Background: Chronobiology studies the recurrent biologic rhythms that directly affect how an organism interacts with its environment and how its environment affects the organism. The purpose of this study is to determine whether the time of administration influences the analgesic duration of the commonly used subarachnoid fentanyl for labor analgesia.

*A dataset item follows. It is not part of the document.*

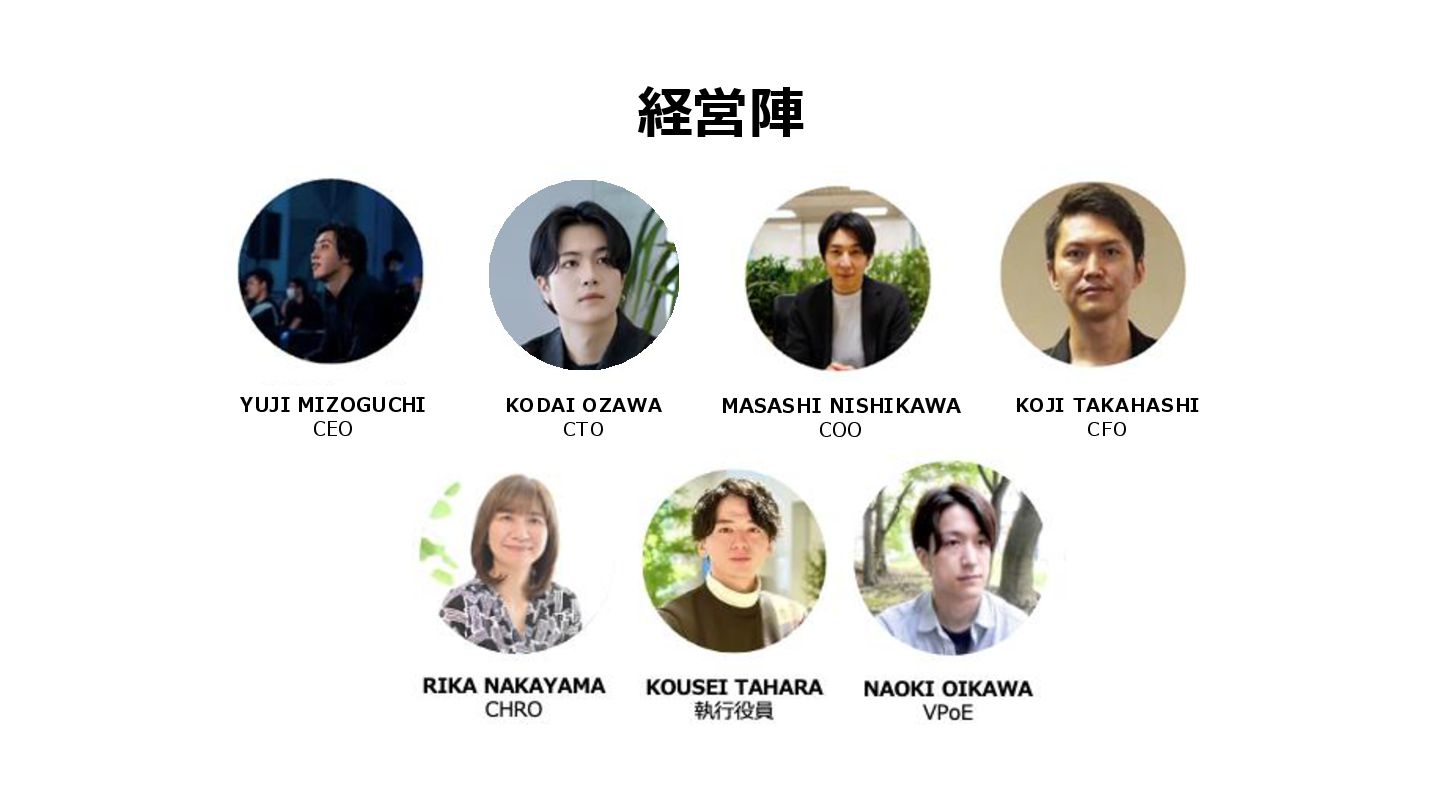 KOJI TAKAHASHI CFO NAOKI OIKAWA VPoE KOUSEI TAHARA 執行役員 RIKA NAKAYAMA CHRO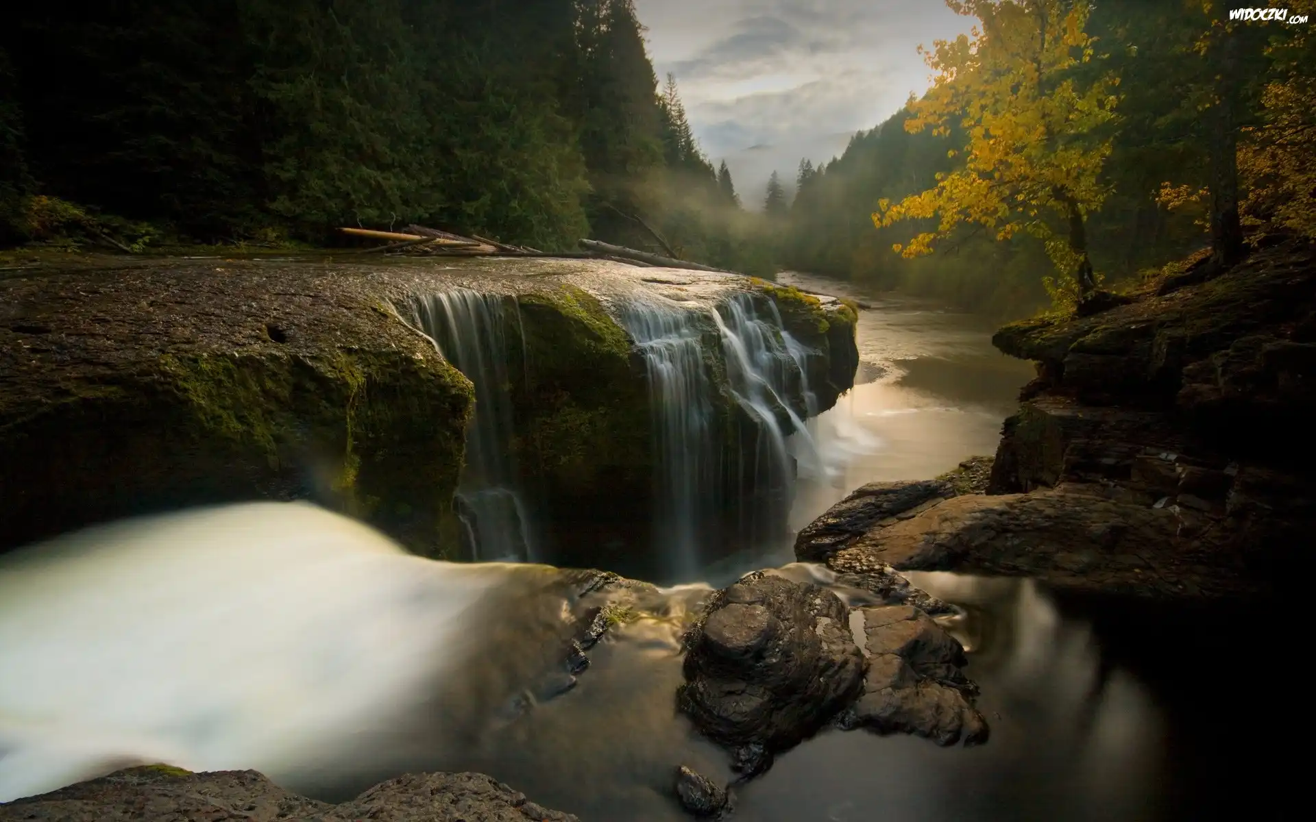 Zdjęcia, Lasy, Rzeka, Wodospad, Skała

Methods: After institutional review board approval and informed consent were obtained, 77 healthy nulliparous women in active labor requesting neuraxial analgesia were assigned to one of two groups, based on the time of combined spinal–epidural analgesia placement: the day group, for the time period from 12:00 to 18:00, and the night group, for the period from 20:00 to 02:00. Combined spinal–epidural analgesia was performed with 20 μg subarachnoid fentanyl. An epidural catheter was inserted but not dosed until patients requested further analgesia. Dynamic data were recorded at 5-min intervals for 20 min initially and then every 15 min. The analgesic duration was defined as the time from subarachnoid fentanyl injection to the time the patient requested further analgesia.
Results: Seventy evaluable patients completed the study, with 35 per group. Patient demographics, visual analog pain scale scores, and labor characteristics were similar between groups, but the duration (mean ± SD) for subarachnoid fentanyl labor analgesia was 92 ± 34 min for the day group and 67 ± 21 min for the night group (P < 0.001).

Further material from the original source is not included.